**ASSIGNED TASK:** The entries below hold a line with "商品属性 [总长] 109cm" and a line with "Daha tasarım mutfak". Return those lines and all that lie between them, exactly and only.

== MATERIAL PROVIDED ==

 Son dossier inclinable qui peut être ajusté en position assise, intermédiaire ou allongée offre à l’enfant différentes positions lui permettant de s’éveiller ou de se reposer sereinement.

===
== MATERIAL PROVIDED ==

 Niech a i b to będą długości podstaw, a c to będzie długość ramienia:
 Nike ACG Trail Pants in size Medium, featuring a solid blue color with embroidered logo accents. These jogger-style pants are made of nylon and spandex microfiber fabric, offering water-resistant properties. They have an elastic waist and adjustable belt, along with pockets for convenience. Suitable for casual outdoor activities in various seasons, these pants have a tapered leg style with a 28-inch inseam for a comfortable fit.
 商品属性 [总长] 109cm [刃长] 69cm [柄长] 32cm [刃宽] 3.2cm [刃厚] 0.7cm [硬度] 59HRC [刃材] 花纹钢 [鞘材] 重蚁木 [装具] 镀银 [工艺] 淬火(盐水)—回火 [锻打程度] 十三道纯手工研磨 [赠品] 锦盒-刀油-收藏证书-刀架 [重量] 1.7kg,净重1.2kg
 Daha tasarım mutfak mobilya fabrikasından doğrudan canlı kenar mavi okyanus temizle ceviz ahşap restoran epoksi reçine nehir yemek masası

===

**COMPLETED TASK:**
 商品属性 [总长] 109cm [刃长] 69cm [柄长] 32cm [刃宽] 3.2cm [刃厚] 0.7cm [硬度] 59HRC [刃材] 花纹钢 [鞘材] 重蚁木 [装具] 镀银 [工艺] 淬火(盐水)—回火 [锻打程度] 十三道纯手工研磨 [赠品] 锦盒-刀油-收藏证书-刀架 [重量] 1.7kg,净重1.2kg
 Daha tasarım mutfak mobilya fabrikasından doğrudan canlı kenar mavi okyanus temizle ceviz ahşap restoran epoksi reçine nehir yemek masası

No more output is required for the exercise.